Anyone who has ever applied for a mortgage knows just how slow, old-fashioned, and paper-driven the process can be. But now, San Francisco mortgage tech company Blend has joined the fray of companies offering ever-new ways to automate the process.
Launched on Tuesday, the company’s product is aimed at lenders and uses machine learning and artificial intelligence to process mortgage applications from homebuyers. Called Blend Intelligence, the product works by requesting documents like pay stubs and employment contracts and then automatically runs “health” checks and flags bad data to lenders.
The idea, according to the company, was to get rid of all the unnecessary manual steps while showing lenders who has the best odds of repayment. Blend, backed by a host of notable Silicon Valley investors including controversial PayPal co-founder Peter Thiel, currently works with over 120 lenders, among which are giants like Wells Fargo and credit unions like Mountain America.
“We use this added layer of machine learning because we know that basic rules aren’t enough for the complex loan industry,” Blend Intelligence Product Manager Grace Qi wrote in a blog post. “We also know that this technology will help lenders achieve lower costs and more efficient loan processing because there is less need for loan team intervention.”
Blend Intelligence also suggests follow-up documents for the borrower to submit and keeps an updated timeline of the process. As the new service is built into Blend’s digital lending platform, it will not have any additional costs.

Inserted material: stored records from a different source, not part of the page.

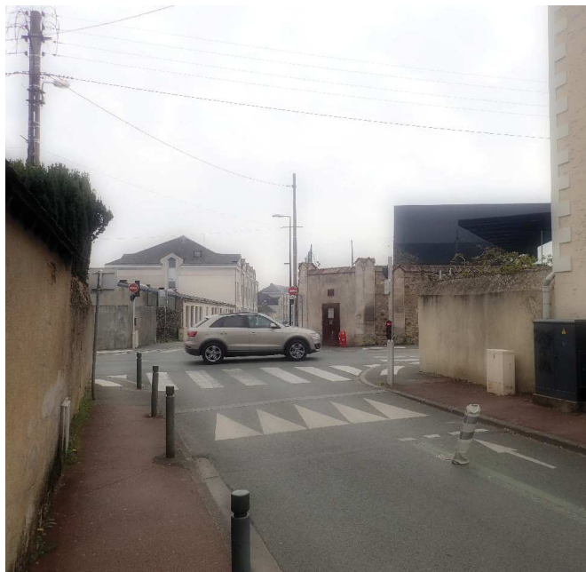
A - Vue depuis la rue de la Treille
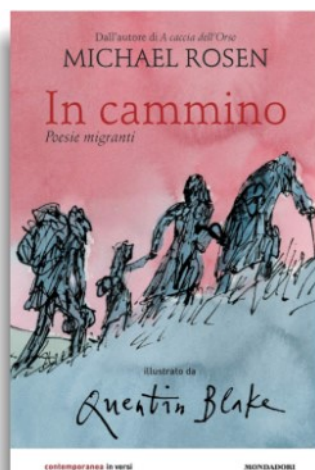
Michael Rosen «In cammino» (trad. di Roberto Piumini) Mondadori pp. 144, €16 - Dai 6 anni
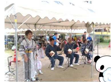
↑初参加の三味線演奏で会場を盛り上げてくれました。

Over the last few years, numerous companies have released products aimed at automating and improving the notoriously paper-heavy mortgage application process. As homebuyers increasingly expect the same automation they see in industries such as transportation and smart home technology, lenders are looking to offer tools that make this possible.
Blend Intelligence said that it distinguishes itself by using past user activity and application statistics to make more accurate and effective predictions. This year, it has collected over $150 billion in loan applications.
“Because the Blend engine helps power 25% of the mortgage market, it can learn from a significant amount of activity and provide the meaningful evolution that the industry desperately needs,” Qi said.